What is expected → When the line with "Texas Rangers Small" appears below, start repeating lines exactly, and keep going through the line with "- 与此同时,小米SU7Ul"; add nothing outside that span.

Input data →
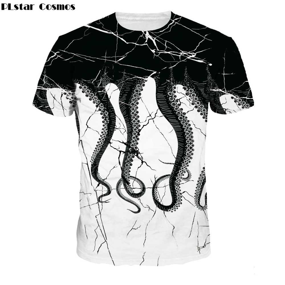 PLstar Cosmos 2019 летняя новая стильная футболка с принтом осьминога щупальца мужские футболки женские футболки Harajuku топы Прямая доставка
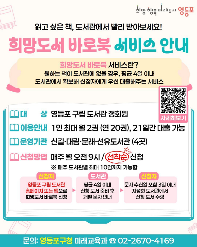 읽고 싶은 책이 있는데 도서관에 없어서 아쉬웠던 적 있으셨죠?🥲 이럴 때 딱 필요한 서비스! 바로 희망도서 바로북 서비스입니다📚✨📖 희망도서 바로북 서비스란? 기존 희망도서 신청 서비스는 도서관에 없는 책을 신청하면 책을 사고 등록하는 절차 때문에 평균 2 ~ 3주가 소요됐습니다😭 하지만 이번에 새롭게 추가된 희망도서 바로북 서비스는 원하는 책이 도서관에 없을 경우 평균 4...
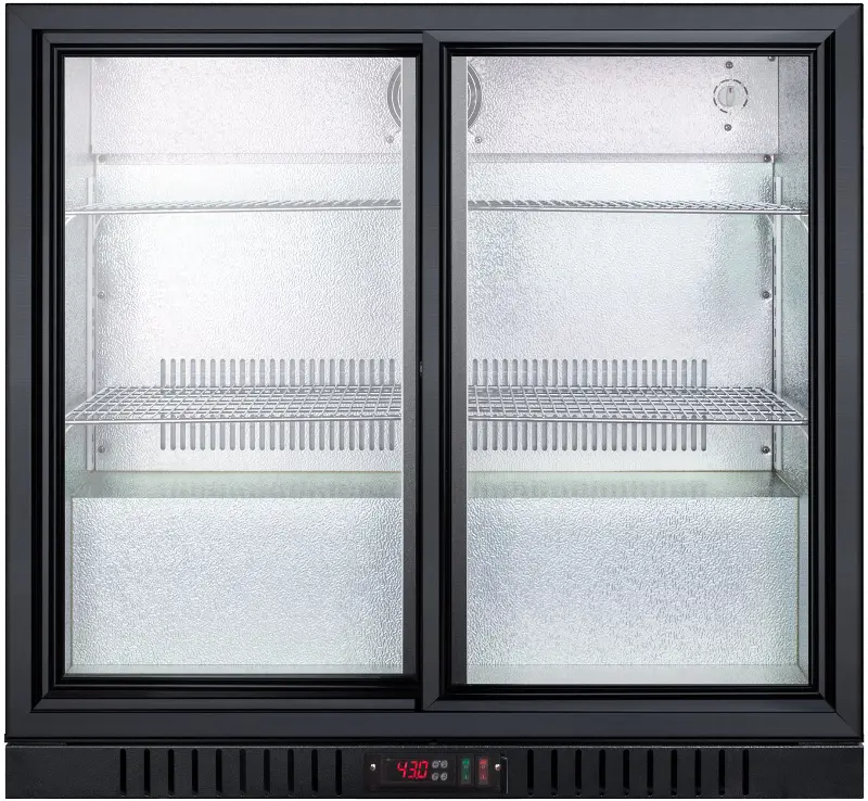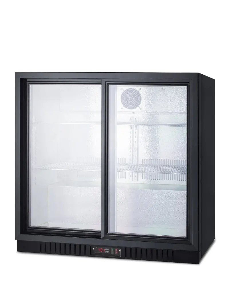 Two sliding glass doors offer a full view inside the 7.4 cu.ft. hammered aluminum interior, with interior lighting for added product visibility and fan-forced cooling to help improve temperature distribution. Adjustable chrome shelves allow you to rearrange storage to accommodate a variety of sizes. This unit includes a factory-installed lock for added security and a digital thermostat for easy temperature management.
==
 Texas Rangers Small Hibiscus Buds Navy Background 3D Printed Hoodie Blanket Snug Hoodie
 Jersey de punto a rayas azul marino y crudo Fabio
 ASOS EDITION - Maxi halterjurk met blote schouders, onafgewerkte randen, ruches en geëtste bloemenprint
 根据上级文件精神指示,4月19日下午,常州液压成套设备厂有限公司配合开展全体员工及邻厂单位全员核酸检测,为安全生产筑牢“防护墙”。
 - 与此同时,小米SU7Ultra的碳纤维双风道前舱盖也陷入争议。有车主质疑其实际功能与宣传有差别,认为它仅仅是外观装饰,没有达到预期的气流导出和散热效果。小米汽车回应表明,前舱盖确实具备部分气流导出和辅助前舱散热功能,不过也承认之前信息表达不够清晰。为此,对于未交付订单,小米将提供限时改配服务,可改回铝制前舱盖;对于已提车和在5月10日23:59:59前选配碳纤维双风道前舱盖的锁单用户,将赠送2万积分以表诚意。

Reply to the exercise →
 Texas Rangers Small Hibiscus Buds Navy Background 3D Printed Hoodie Blanket Snug Hoodie
 Jersey de punto a rayas azul marino y crudo Fabio
 ASOS EDITION - Maxi halterjurk met blote schouders, onafgewerkte randen, ruches en geëtste bloemenprint
 根据上级文件精神指示,4月19日下午,常州液压成套设备厂有限公司配合开展全体员工及邻厂单位全员核酸检测,为安全生产筑牢“防护墙”。
 - 与此同时,小米SU7Ultra的碳纤维双风道前舱盖也陷入争议。有车主质疑其实际功能与宣传有差别,认为它仅仅是外观装饰,没有达到预期的气流导出和散热效果。小米汽车回应表明,前舱盖确实具备部分气流导出和辅助前舱散热功能,不过也承认之前信息表达不够清晰。为此,对于未交付订单,小米将提供限时改配服务,可改回铝制前舱盖;对于已提车和在5月10日23:59:59前选配碳纤维双风道前舱盖的锁单用户,将赠送2万积分以表诚意。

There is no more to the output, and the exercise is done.